Relay Variational Inference: A Method for Accelerated Encoderless VI
This addresses a bottleneck in learning generative models without encoders, which is useful for handling missing or uncertain data, though it appears incremental as it builds on encoderless VI methods.
The paper tackles the slow convergence of encoderless variational inference (VI) by introducing Relay VI (RVI), which improves both convergence speed and performance, often outperforming existing encoderless and amortized VI models like VAEs in experiments.

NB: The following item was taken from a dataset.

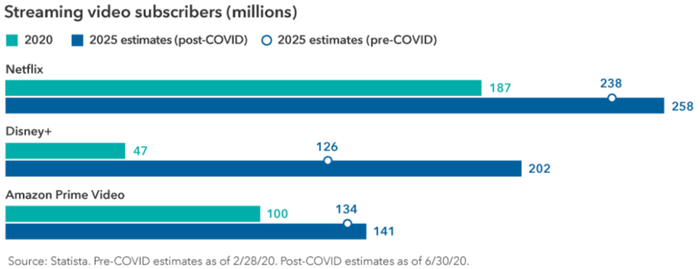 即使消费者在后疫情时代不再沉迷于电视,流媒体的增长趋势仍将继续。对于网飞,亚马逊Prime Video和迪士尼+这样的平台来说,这无疑是好消息,它们将迎来订阅用户数的强劲增长。

Variational Inference (VI) offers a method for approximating intractable likelihoods. In neural VI, inference of approximate posteriors is commonly done using an encoder. Alternatively, encoderless VI offers a framework for learning generative models from data without encountering suboptimalities caused by amortization via an encoder (e.g. in presence of missing or uncertain data). However, in absence of an encoder, such methods often suffer in convergence due to the slow nature of gradient steps required to learn the approximate posterior parameters. In this paper, we introduce Relay VI (RVI), a framework that dramatically improves both the convergence and performance of encoderless VI. In our experiments over multiple datasets, we study the effectiveness of RVI in terms of convergence speed, loss, representation power and missing data imputation. We find RVI to be a unique tool, often superior in both performance and convergence speed to previously proposed encoderless as well as amortized VI models (e.g. VAE).